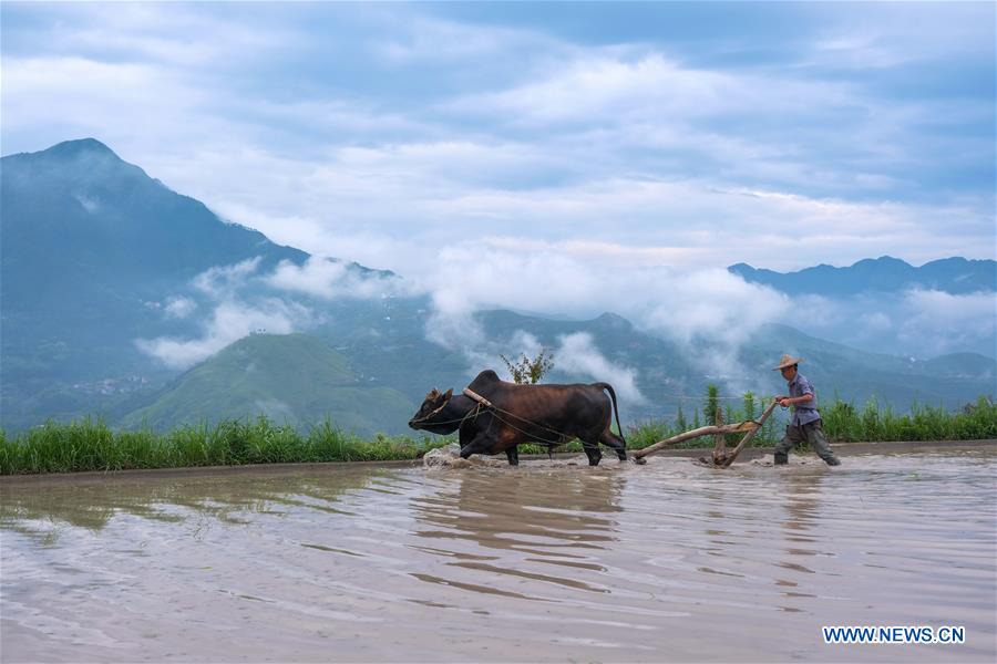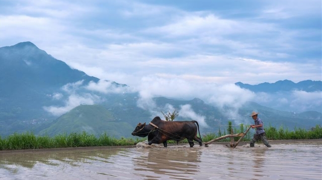 Die Gemeinde Xiaozhoushan liegt im Kreis Qingtian in der ostchinesischen Provinz Zhejiang. Im Juni wird hier der Raps in den Terrassen des Hochgebirges geerntet und anschließend beginnt die Saison für den Reisanbau. Bauern tragen Bambus-Hüte und treiben Rinder, um den Ackerboden zu pflügen. Zudem legen sie Karpfen in die Reisfelder ein.
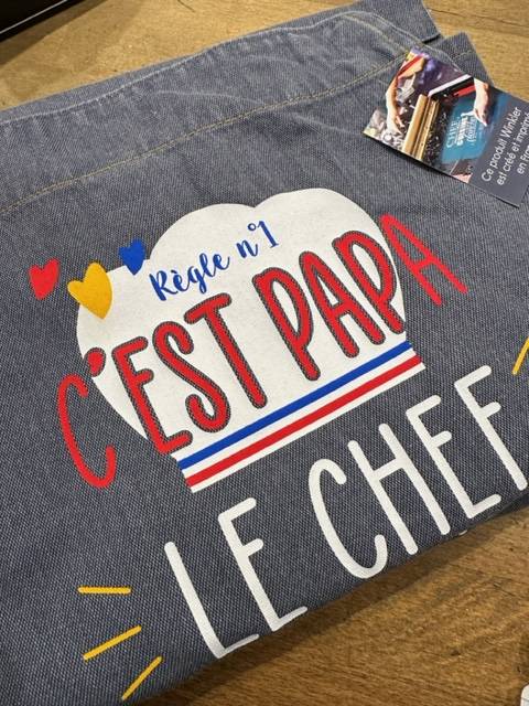 Nous vous proposerons notamment un tablier pour un grand cuisinier, ou devrais-je dire, pour un chef !
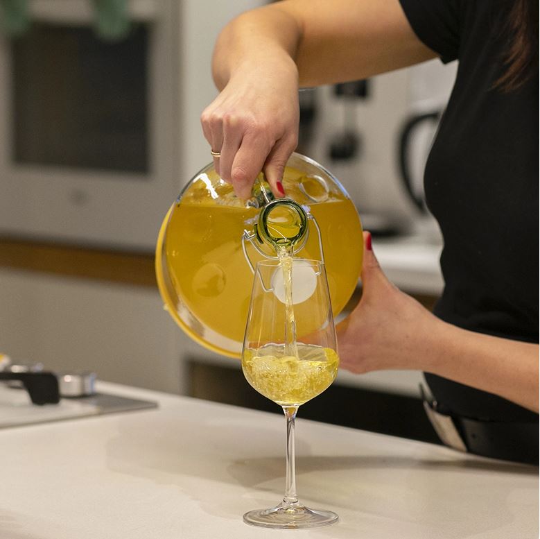 Gąsior przeznaczony zarówno do fermentacji win, piw, miodów pitnych oraz do przechowywania już gotowych trunków. Wykończony jest koszem plastikowym u swojej podstawy.
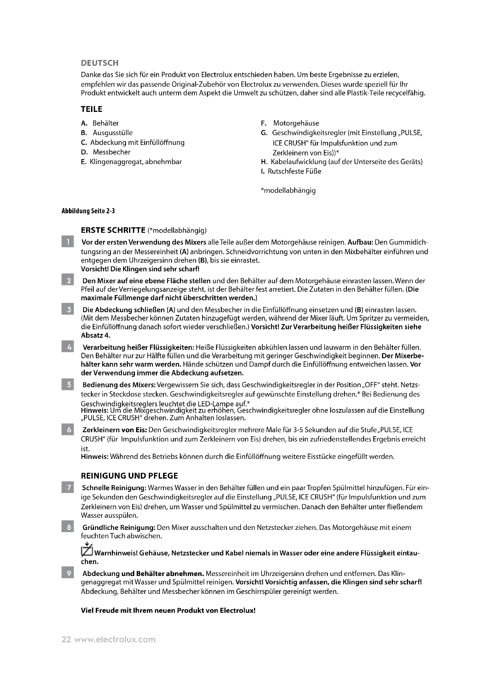 7 Schnelle Reinigung: Warmes Wasser in den Behälter füllen und ein paar Tropfen Spülmittel hinzufügen. Für ein- ige Sekunden den Geschwindigkeitsregler auf die Einstellung „PULSE, ICE CRUSH“ (für Impulsfunktion und zum Zerkleinern von Eis) drehen, um Wasser und Spülmittel zu vermischen. Danach den Behälter unter ießendem Wasser ausspülen. 8 Gründliche Reinigung: Den Mixer ausschalten und den Netzstecker ziehen. Das Motorgehäuse mit einem feuchten Tuch abwischen. Warnhinweis! Gehäuse, Netzstecker und Kabel niemals in Wasser oder eine andere Flüssigkeit eintau- chen. 9 Abdeckung und Behälter abnehmen. Messereinheit im Uhrzeigersinn drehen und entfernen. Das Klin- genaggregat mit Wasser und Spülmittel reinigen. Vorsicht! Vorsichtig anfassen, die Klingen sind sehr scharf! Abdeckung, Behälter und Messbecher können im Geschirrspüler gereinigt werden. Viel Freude mit Ihrem neuen Produkt von Electrolux!23www.electrolux.com

• _Problem_
Output only the lines running from the top of the data above to the line with "Nous vous proposerons", inclusive, word for word and without pictures.

• _Answer to this task_
 Die Gemeinde Xiaozhoushan liegt im Kreis Qingtian in der ostchinesischen Provinz Zhejiang. Im Juni wird hier der Raps in den Terrassen des Hochgebirges geerntet und anschließend beginnt die Saison für den Reisanbau. Bauern tragen Bambus-Hüte und treiben Rinder, um den Ackerboden zu pflügen. Zudem legen sie Karpfen in die Reisfelder ein.
 Nous vous proposerons notamment un tablier pour un grand cuisinier, ou devrais-je dire, pour un chef !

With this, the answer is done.